» **PROBLEM DETAILS**
Would you transcribe each entry precisely as it stands, setting aside any images?

Data extracted from a collection
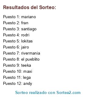 Lista de participantes: andy, lokitas, mariano, el pueblito, rodri, santiago, teeka, lega, fran, jairo, rivermania, maxi.
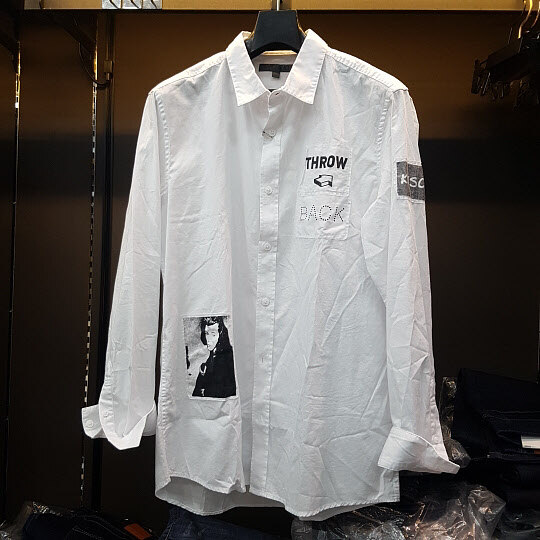 남자 기본핏 포켓화이트셔츠 앞쪽에 자수를넣어 포인트를 줘 스타일리쉬하게 입을수 있는 남자 기본 셔츠
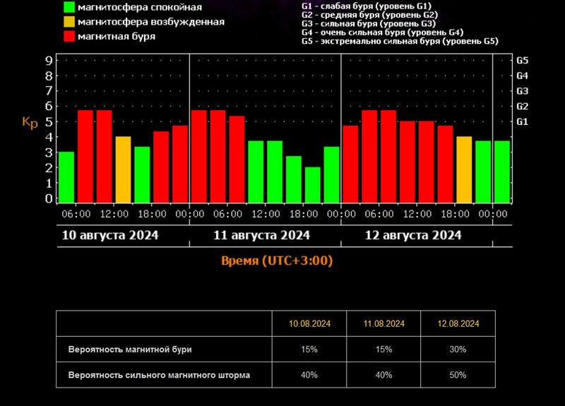 Вдобавок к погодным неприятностям, магнитные бури терзают и продолжат терзать нашу планету. Лучше всего ожидаемую картину показывают специалисты Лаборатории Солнца - как видно, вероятность магнитного шторма очень высока.
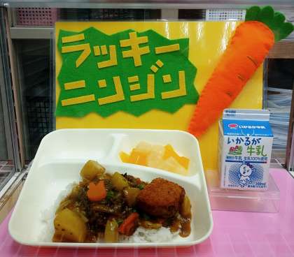 今日の給食は、みなさんが小学生になったお祝いのこんだてです。
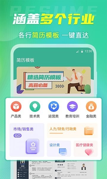还在因为不知道简历怎么写而烦恼吗?那就来简历模板大全app吧!简历模板大全是一款功能特别强大的应用软件,软件中不仅有涵盖金融、教育培训、产品类、技术类等多种行业的简历模版,还有各种各样的求职技巧、面试秘籍、求职新闻和就业指导等,全面化的学习内容基本可以满足不同用户的求职需要,为用户找到好工作保驾护航。
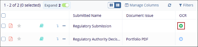 - Once OCR is successfully reverted, the OCR column within the documents grid
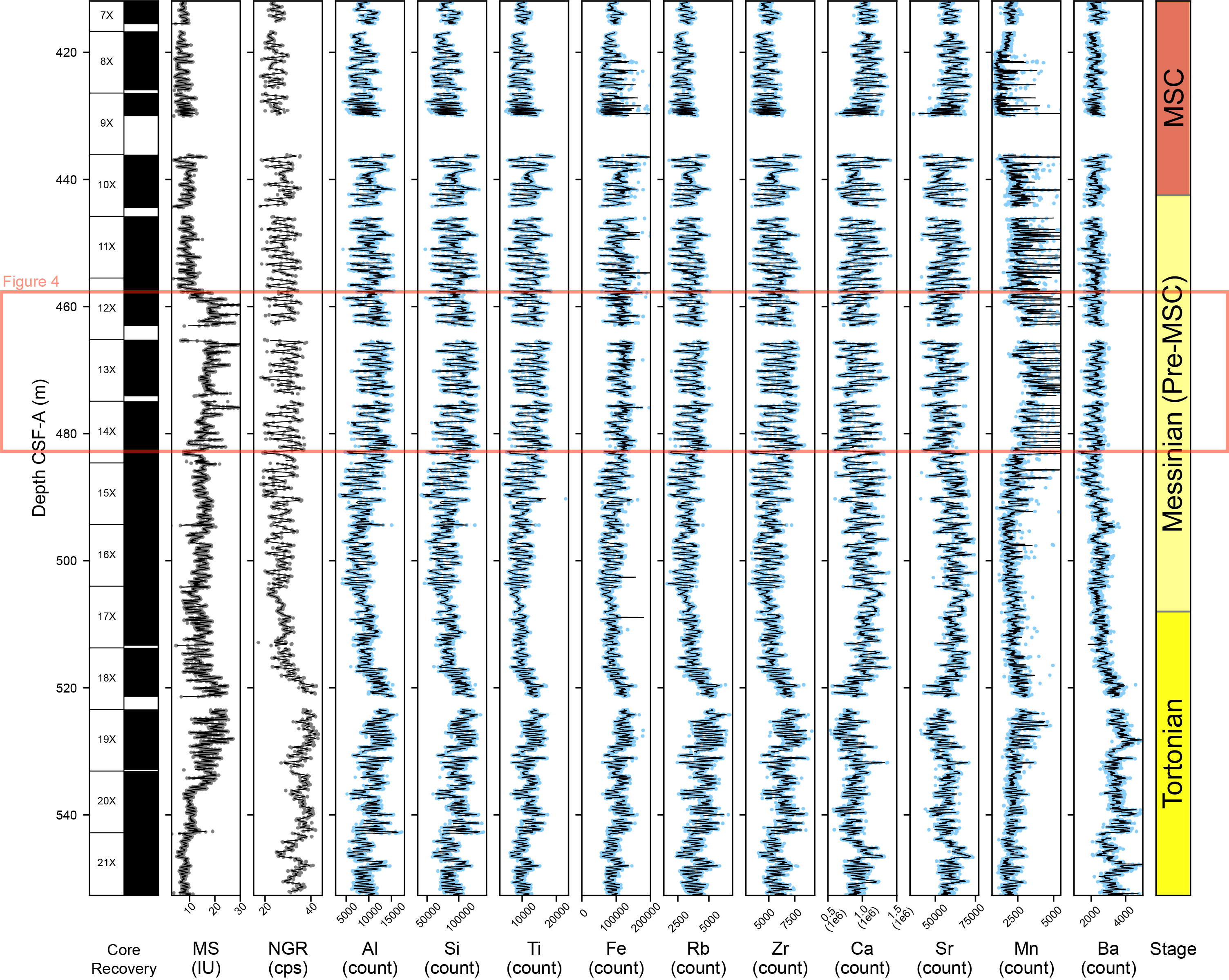 Xu, X., Stine, J., Standring, P., Hernández-Molina, F. J., Billy, I., Chin, S., Feakins, S.J., Li, Z., Mulligan, M., Noto, D., Raad, F., Teixeira, M., Yeon, J., Yousfi, M.Z., Zhang, Y., Flecker, R., Ducassou, E., Williams, T., and the Expedition 401 Scientists, 2026. Data report: X-ray fluorescence scanning of sediment cores, IODP Expedition 401 Site U1610, Gulf of Cádiz, Atlantic. In Flecker, R., Ducassou, E., Williams, T., and the Expedition 401 Scientists, Mediterranean–Atlantic Gateway Exchange. Proceedings of the International Ocean Discovery Program, 401: College Station, TX (International Ocean Discovery Program). https://doi.org/10.14379/iodp.proc.401.203.2026
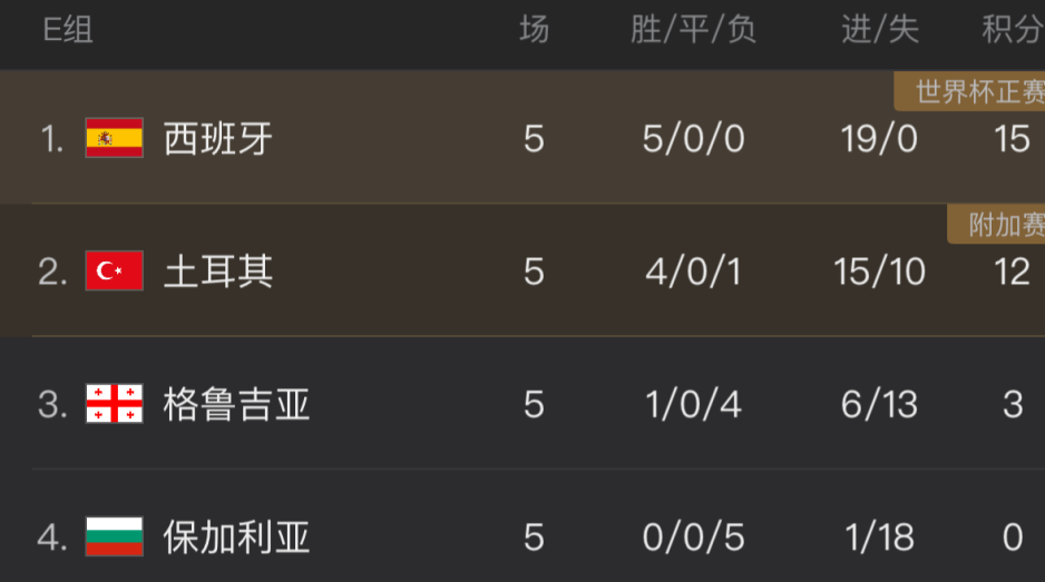 E组形势:末轮西班牙不净负土耳其7球即可出线

» **TASK RESULT**
 Lista de participantes: andy, lokitas, mariano, el pueblito, rodri, santiago, teeka, lega, fran, jairo, rivermania, maxi.
 남자 기본핏 포켓화이트셔츠 앞쪽에 자수를넣어 포인트를 줘 스타일리쉬하게 입을수 있는 남자 기본 셔츠
 Вдобавок к погодным неприятностям, магнитные бури терзают и продолжат терзать нашу планету. Лучше всего ожидаемую картину показывают специалисты Лаборатории Солнца - как видно, вероятность магнитного шторма очень высока.
 今日の給食は、みなさんが小学生になったお祝いのこんだてです。
还在因为不知道简历怎么写而烦恼吗?那就来简历模板大全app吧!简历模板大全是一款功能特别强大的应用软件,软件中不仅有涵盖金融、教育培训、产品类、技术类等多种行业的简历模版,还有各种各样的求职技巧、面试秘籍、求职新闻和就业指导等,全面化的学习内容基本可以满足不同用户的求职需要,为用户找到好工作保驾护航。
 - Once OCR is successfully reverted, the OCR column within the documents grid
 Xu, X., Stine, J., Standring, P., Hernández-Molina, F. J., Billy, I., Chin, S., Feakins, S.J., Li, Z., Mulligan, M., Noto, D., Raad, F., Teixeira, M., Yeon, J., Yousfi, M.Z., Zhang, Y., Flecker, R., Ducassou, E., Williams, T., and the Expedition 401 Scientists, 2026. Data report: X-ray fluorescence scanning of sediment cores, IODP Expedition 401 Site U1610, Gulf of Cádiz, Atlantic. In Flecker, R., Ducassou, E., Williams, T., and the Expedition 401 Scientists, Mediterranean–Atlantic Gateway Exchange. Proceedings of the International Ocean Discovery Program, 401: College Station, TX (International Ocean Discovery Program). https://doi.org/10.14379/iodp.proc.401.203.2026
 E组形势:末轮西班牙不净负土耳其7球即可出线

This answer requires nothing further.